Charles Hodge (1797-1878), théologien presbytérien, a décliné en 1869 l’invitation du pape Pie IX d’envoyer des délégués de l’église presbytérienne en Amérique à Vatican I, tenu à Rome en 1869-70. C’est à ce concile que l’infaillibilité papale fut déclarée concernant les annonces futures de dogmes catholiques prononcés ex cathedra.

La lettre fut publiée en sa langue d’origine (anglais) dans la revue « Banner of Truth » (Bannière de la Vérité), N°415 (avril 1998). Banner of Truth a accordé à Info-FEF l’autorisation de le publier et pour laquelle Info-FEF lui est vivement reconnaissant.

En vue de l’invitation générale au congrès eucharistique qui sera organisé à Rome en l’an 2000 par le pape Jean-Paul Il pour célébrer le jubilé catholique, nous pensons que le contenu de la lettre de Charles Hodge est pertinent pour les évangéliques aujourd’hui.

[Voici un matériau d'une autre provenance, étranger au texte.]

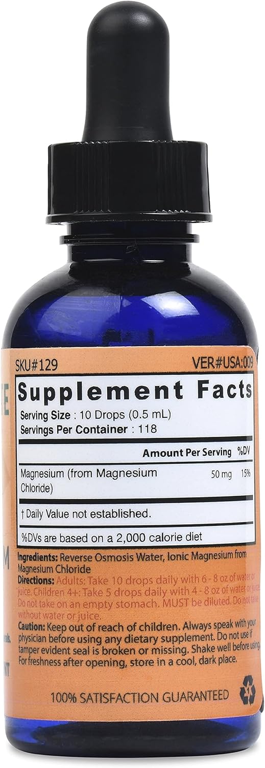 Ultra Concentrated Liquid Ionic Magnesium Supplement - 100 Servings, 10 Drops for 50mg - High Absorption Formula

(Afin de rendre un texte si dense plus lisible, nous nous sommes permis de proposer quelques sous-titres. Ne faisant pas partie du texte original, nous les avons placés entre parenthèses et en couleur).


Au pape, Pie IX, évêque de Rome,

Par votre lettre encyclique datée de 1869, vous invitez les Protestants d’envoyer des délégués au concile appelé à siéger à Rome au mois de décembre de la même année. Votre lettre a été étudiée par deux Assemblées Générales de l’Eglise presbytérienne des Etats-Unis d’Amérique. Ces Assemblées représentent quelques 5 000 pasteurs et un nombre encore plus important d’églises locales.

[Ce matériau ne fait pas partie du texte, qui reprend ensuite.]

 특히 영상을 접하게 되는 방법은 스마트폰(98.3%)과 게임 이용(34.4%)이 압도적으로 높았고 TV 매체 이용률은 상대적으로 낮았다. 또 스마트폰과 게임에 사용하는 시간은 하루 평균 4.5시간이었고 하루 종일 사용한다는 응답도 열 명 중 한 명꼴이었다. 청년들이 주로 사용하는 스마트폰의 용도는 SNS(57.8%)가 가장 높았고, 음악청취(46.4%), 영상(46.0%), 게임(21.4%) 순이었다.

Croyant, comme nous le faisons, que c’est la volonté de Christ que son Eglise sur la terre soit unie, et reconnaissant en conséquence le devoir de faire tout ce que nous pouvons pour promouvoir la charité et la communion chrétiennes, nous considérons juste de vous présenter les raisons qui interdisent notre présence aux délibérations du prochain concile.

(Vis-à-vis des conciles oecuméniques des premiers siècles : )

Ce n’est pas que nous ayons renoncé à aucun article de la foi catholique. Nous ne sommes pas hérétiques. Nous recevons cordialement toutes les doctrines contenues dans le Symbole connu sous le nom du Credo des Apôtres.

Nous acceptons que toutes les décisions doctrinales des six premiers conciles oecuméniques sont en accord avec la Parole de Dieu, et grâce à ceci, nous les recevons comme l’expression de notre foi. Nous croyons donc à la doctrine de la Trinité et à la personne de Christ telles qu’elles sont exprimées dans les symboles adoptés par le concile de Nicée en 321 et par le concile de Chalcédoine en 451. Nous croyons qu’il existe dans la divinité trois personnes, le Père, le Fils et le Saint-Esprit : et que ces trois personnes ont la même substance (essence) et sont égales en puissance et en gloire.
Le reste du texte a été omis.